Wann bekommt man die Karte mit dne anzufahrenden Hütten und Checkpoints? am Tag des Rennens oder gar schon am Fr ?



Setup und Materialfrage würden mich aus interessieren, zumal es am Sa ja wirklich regnen soll....


----------



## MTB-News.de




----------



## olpixel (13. Juni 2016)

Dito, so wenig wie möglich bergauf zu fahren ist auch unser Ziel. Den ganzen Berichten vom letzten Jahr nach zu urteilen, kommen 800-1000hm vor allem vom Aufstieg zur Stallwiesalm, dort gibt es keinen Lift (ist der Hang auf der anderen Seite von Sölden). Der Rest sollte gut mit dem Lift zu erreichen sein. Die Giggijochbahn ist nach meinen letzten Infos aber während der Schnitzeljagd wegen Revisionsarbeiten geschlossen, bleibt also nur die Gaislachkoglbahn.

Die Karte mit den anzufahrenden Hütten und Checkpoints bekommt man offiziell erst nach Abholung seines Goodie-Packs vor Ort, da ist dann alles drin (Starternummer, "Event-Sweater" und Karte).

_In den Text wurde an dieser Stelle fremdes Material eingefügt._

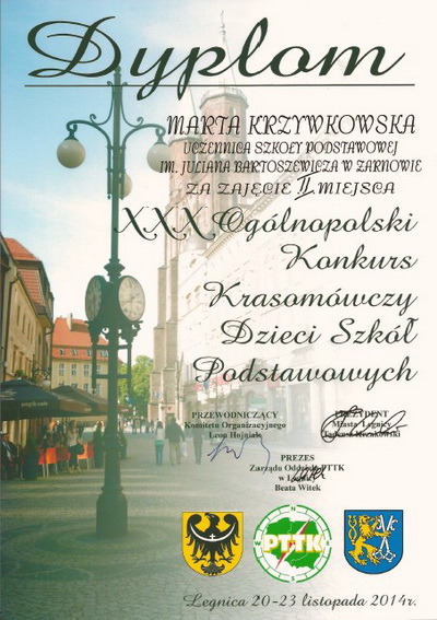 Marta zaprezentowała dwa teksty krasomówcze: "Rikszą po Ziemi Obiecanej" (5 minut) i "Zaproszenie na wędrówkę po woj. dolnośląskim " (7 minut ). Warto dodać, że oprócz drugiego miejsca otrzymała również nagrodę Młodzieżowego Jury . Do pierwszego miejsca zabrakło Marcie jedynie 0,12 pkt. , bowiem najlepiej oceniona reprezentantka woj. Podkarpackiego uzyskała 9,5 pkt. , a nasza 9,38 pkt. w 10 - punktowej skali . Opiekunką Marty była Grażyna Szafińska , która od 2002 r. ma na swym koncie 7 laureatów w tym : 2 pierwsze miejsca ( 2007 i 2008 r.), 4 drugie (2002, 2005, 2011 i 2014 r.) oraz 1 czwarte miejsce (2013 r.). Wśród gości konkursu znaleźli się min. prezes ZG PTTK w Warszawie Roman Bargieł, prezydent miasta Legnicy Tadeusz Krzakowski i przedstawiciele władz oświatowych. Uczestniczącym w konkursie uczniom i ich opiekunom zapewniono szereg atrakcji jak np.: zwiedzanie z przewodnikami miasta Legnicy, wieczór jubileuszowy z degustacją tortu, seans filmowy dla uczniów i spektakl w legnickim teatrze dla opiekunów, a we Wrocławiu zwiedzanie nowo otwartego jedynego w Polsce afrykarium

Wer etwas googelt und gut recherchiert, findet alle Infos aber auch schon vorab im Netz 

Zum Setup: Ich verfolge den Wetterbericht weiter, aktuell würde ich mich aber definitiv für ein grobstolliges Setup entscheiden, da sind wohl einige zum Teil ziemlich ordentliche Stellen drin, die Strecken in ganz Sölden sollen aber wohl nirgendwo S3 überschreiten.


----------



## neural-brain (13. Juni 2016)

hat jmd vlt mal eine Karte von Sölden mit den Almen und Liften ? konnte im Netz iwie keine finden...


----------



## neural-brain (13. Juni 2016)

@olpixel du wills tmir nicht zufällig diese infos zukommen lassen  gerne auch per pm...




olpixel schrieb:


> Wer etwas googelt und gut recherchiert, findet alle Infos aber auch schon vorab im Netz


----------



## olpixel (13. Juni 2016)

Hier alle Almen, die letztes Jahr angefahren werden mussten (in Pink eingerahmt). Dazwischen sind irgendwo noch die Checkpoints auf den Trails verteilt, zu denen man für die Stempel ebenfalls fahren musste. In welcher Reihenfolge man die Almen abfährt muss dann jeder für sich entscheiden.

Die Lifte sind die geraden schwarzen Linien auf der Karte, wobei, wie oben schon geschrieben, die rechte (Giggijochbahn) wohl nicht zur Verfügung steht.


----------



## neural-brain (13. Juni 2016)

Danke. habe die KArte auch gerade auf der Sölden page entdeckt.

jetzt ist halt nur die Frage, ob sie uns dieses jahr auch hütten rechts der Giggijochbahn anfahren lassen- das hieße ja dann pedalieren... - oder aber nicht. Und da das Wetter ja auch nicht iwrklich gut werden soll, hoffe ich, dieses Jahr viel Bergbahnen mitnehmen zu können 


Unser Ziel ist es eigentlich nur, so viele tm wie möglich, so wenig hm wie nötig und innerhalb der 7h ins Ziel zu kommen.


Besteht eigentlich während des Rennens die Möglichkeit mal zu seinem Auto zu fahren um ggfs. einen neuen Reifen draufzuziehen, o.ä. aus dem Auto zu holen (dann muss nicht alles mitgeschleppt werden)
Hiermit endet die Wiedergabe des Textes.